Segment Start: MATERIAL PROVIDED

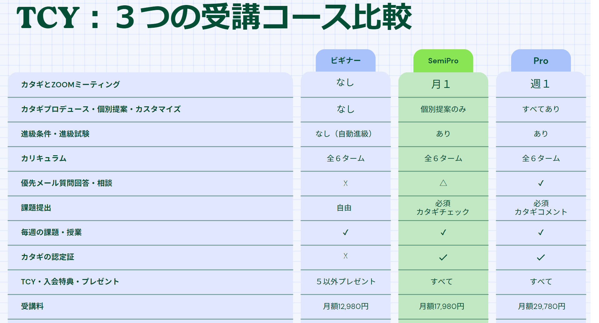PROコース、SemiProコースはカタギさんとのZOOMミーティングがある、ということです、これはZOOMではなく、例えばLINEでもいいでしょうか。 |
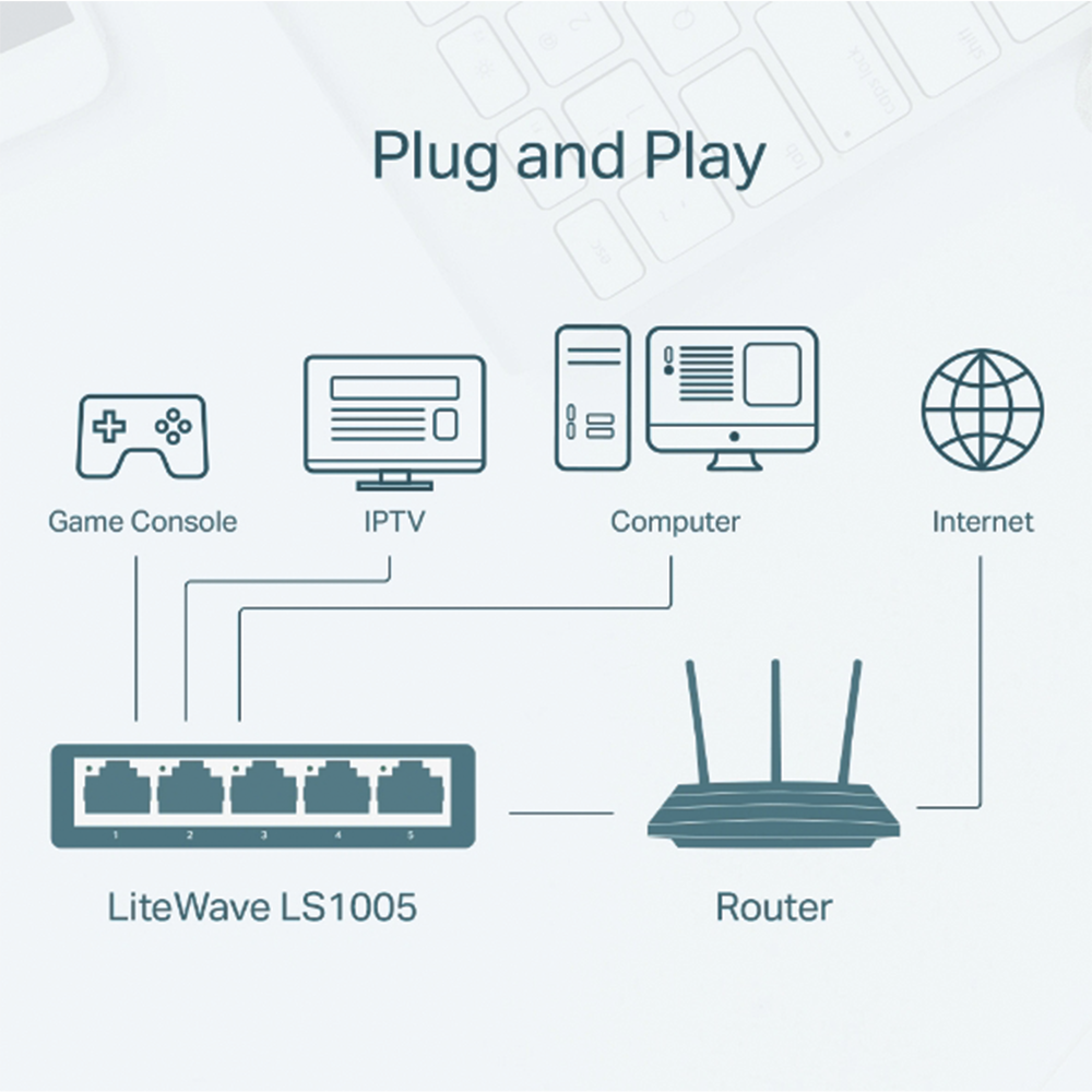 Los conmutadores no administrados de la serie TP-Link LiteWave proporcionan una forma fácil y económica de expandir tu red cableada. Son fáciles de usar y confiables. Con estos conmutadores plug-and-play, puedes expandir tus conexiones de red a múltiples dispositivos al instante. Con todos los puertos compatibles con Auto-MDI / MDIX, no hay necesidad de preocuparse por el tipo de cable a utilizar.
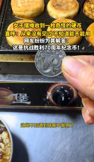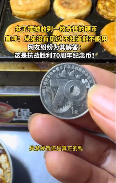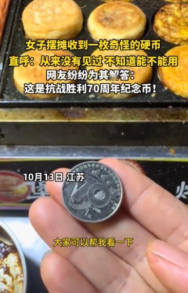 “开眼界了!”10月13日,江苏,一女子摆摊时收到了一枚奇怪的硬币,这枚硬币虽然摸起来和普通硬币的手感相同,但上面的花纹却不太一样,女子没见过,不知道这钱能不能用,网友:纪念币,可以流通! 纪念币、钞的种类多种多样,有些普通纪念币是可以直接花的,但是很多商家不太了解怕收到假的,一般会拒收,其实纪念币也可以拿到银行去兑换现金! 一女子摆摊卖小吃时,一个小朋友拿着枚特殊的硬币来买烤肠,它的手感和大小与普通的1元硬币无异,以至于女子点钱时才发现。 这枚硬币反面看就是正常的硬币,但它正面的花纹却十分特殊,普通1元硬币正面都是数字“1”,但这枚硬币正面却刻有“70”的字样,只有右下角刻着小小的1元,除此之外还有一些和平鸽围绕着数字。 女子没有见过这种钱,她不知道这硬币是游戏币还是真正的钱,不确定是否能流通,于是将硬币拍下来发到网上求助网友们。 一些网友在看到硬币正面时一下子认了出来,这是抗战胜利70周年纪念币,所以正面才会有“70”的字样,小朋友给的这个纪念币是可以在市面上流通的,直接花没问题,这可让不少人开了眼界! 信息来源:《女子摆摊收到一枚奇怪的硬币,直呼:从来没见过,不知道能不能用》观象视频
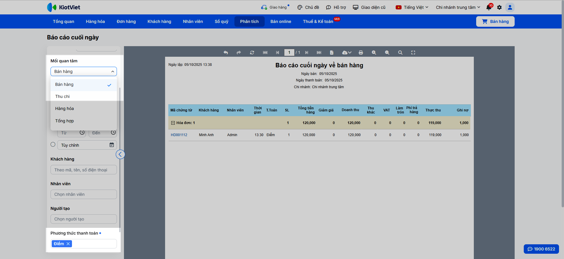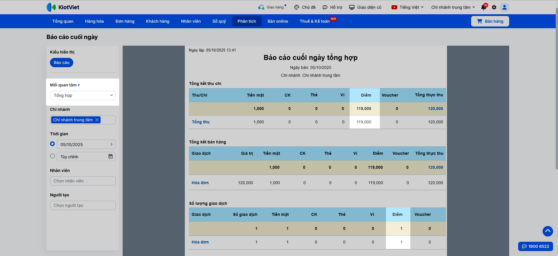 - Báo cáo cuối ngày: Bạn vào Phân tích -> Báo cáo -> Cuối ngày.

Segment End: MATERIAL PROVIDED

**PROBLEM DETAILS**
The material above must be set down word for word, with no picture carried over.

**EXERCISE SOLUTION**
PROコース、SemiProコースはカタギさんとのZOOMミーティングがある、ということです、これはZOOMではなく、例えばLINEでもいいでしょうか。 |
 Los conmutadores no administrados de la serie TP-Link LiteWave proporcionan una forma fácil y económica de expandir tu red cableada. Son fáciles de usar y confiables. Con estos conmutadores plug-and-play, puedes expandir tus conexiones de red a múltiples dispositivos al instante. Con todos los puertos compatibles con Auto-MDI / MDIX, no hay necesidad de preocuparse por el tipo de cable a utilizar.
 “开眼界了!”10月13日,江苏,一女子摆摊时收到了一枚奇怪的硬币,这枚硬币虽然摸起来和普通硬币的手感相同,但上面的花纹却不太一样,女子没见过,不知道这钱能不能用,网友:纪念币,可以流通! 纪念币、钞的种类多种多样,有些普通纪念币是可以直接花的,但是很多商家不太了解怕收到假的,一般会拒收,其实纪念币也可以拿到银行去兑换现金! 一女子摆摊卖小吃时,一个小朋友拿着枚特殊的硬币来买烤肠,它的手感和大小与普通的1元硬币无异,以至于女子点钱时才发现。 这枚硬币反面看就是正常的硬币,但它正面的花纹却十分特殊,普通1元硬币正面都是数字“1”,但这枚硬币正面却刻有“70”的字样,只有右下角刻着小小的1元,除此之外还有一些和平鸽围绕着数字。 女子没有见过这种钱,她不知道这硬币是游戏币还是真正的钱,不确定是否能流通,于是将硬币拍下来发到网上求助网友们。 一些网友在看到硬币正面时一下子认了出来,这是抗战胜利70周年纪念币,所以正面才会有“70”的字样,小朋友给的这个纪念币是可以在市面上流通的,直接花没问题,这可让不少人开了眼界! 信息来源:《女子摆摊收到一枚奇怪的硬币,直呼:从来没见过,不知道能不能用》观象视频
 - Báo cáo cuối ngày: Bạn vào Phân tích -> Báo cáo -> Cuối ngày.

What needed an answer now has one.